The Fresh Prince of Fake Fans
The promotional video from Smith’s “Based on a True Story” tour featured audience shots with distorted or blurred faces, odd movements, and signs that changed text mid‑video—sparking widespread speculation of AI-generated crowd enhancements.
Investigations (like Snopes and tech analysts) suggest that the crowd stunts weren’t entirely fabricated as real fans were captured in still images, which were then AI‑animated into short video clips. (via NME)
Why It Matters
This blurring of what’s authentic vs. what’s digitally altered complicates viewer trust.
Audiences were quick to call out the video as inauthentic, with many expressing disappointment and embarrassment that an artist of Smith’s stature would appear to “fake” fan enthusiasm.
Rather than defuse the controversy, Smith leaned into it with a follow-up clip featuring an AI-generated crowd of cats demonstrating a playful reaction but also risking minimising serious concerns.
Even perceived overuse of AI or unclear disclosure of it can be seen as deceptive. Viewers expect authenticity in concert footage, and this kind of misuse may erode audience trust across the industry.
The incident comes at a sensitive moment: Smith is attempting to rebuild his image following the 2022 Oscars slap incident and is on his first solo-headlining tour in 20 years. This AI controversy undermines that narrative of personal growth and genuine connection.
There are broader implications for AI transparency. This highlights an urgent need for clearer labeling and regulation around AI‑generated or enhanced media, especially when the line between editing and fabrication gets murky.
FIELD READING
State of AI in Business (MIT) - Claims AI not making a difference
A new MIT report claims that 95 per cent of organisations that implemented AI systems were getting zero return on the investment.
The study involved surveying 300 AI deployments while the researchers spoke to approximately 350 employees. AI tools like ChatGPT and Copilot are some of the most adopted models, but only five per cent of integrated AI pilots are extracting millions in value, while the vast majority remain stuck with no measurable profit and loss (P&L) impact.
“Over 80 per cent of organisations have explored or piloted them, and nearly 40 per cent report deployment. But these tools primarily enhance individual productivity, not P&L performance. Meanwhile, enterprise-grade systems, custom or vendor-sold, are being quietly rejected,” the report stated.

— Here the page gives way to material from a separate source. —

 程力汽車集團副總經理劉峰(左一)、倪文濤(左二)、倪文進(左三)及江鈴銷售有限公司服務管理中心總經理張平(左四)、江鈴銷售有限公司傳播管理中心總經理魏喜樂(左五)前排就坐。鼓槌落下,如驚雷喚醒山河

The failure on the investment was not due to AI models not working efficiently, but because they were harder to adapt with pre-existing workflows in a company. Those adopting the technology were also dealing with a “learning gap” in their workforce, although company executives blamed AI model’s performance.

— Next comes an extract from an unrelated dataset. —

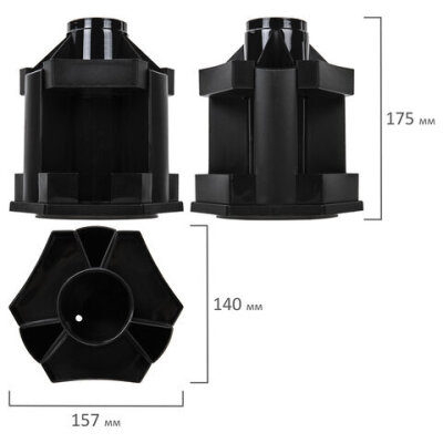 Подставка-органайзер BRAUBERG MAXI DESK, 10 отделений, вращающаяся, 157х140х175 мм, черная, 238093

GenAI disruption varies sharply by industry
Why It Matters
95% of AI Pilots Fail: Despite US$30–40 billion in spending, only 5% of generative AI pilots deliver measurable business value.
Investor Confidence Shaken: The findings triggered dips in AI-heavy stocks like Nvidia and Palantir, challenging the belief that big AI budgets equal big returns.
The GenAI Reality Gap: Most companies experiment with AI tools, but few see real profit impact—exposing a widening divide between hype and results.
Integration, Not Innovation, Is the Problem: Failures stem from poor alignment, weak learning loops, and disconnected workflows—not from the models themselves.
DRIFT THOUGHT
We used to visit graves to remember the dead. Soon, they might visit us to remind us we’re alive
YOUR TURN
Would you choose closure or conversation?
AI now offers the illusion of endless connection. But maybe mourning matters because it ends.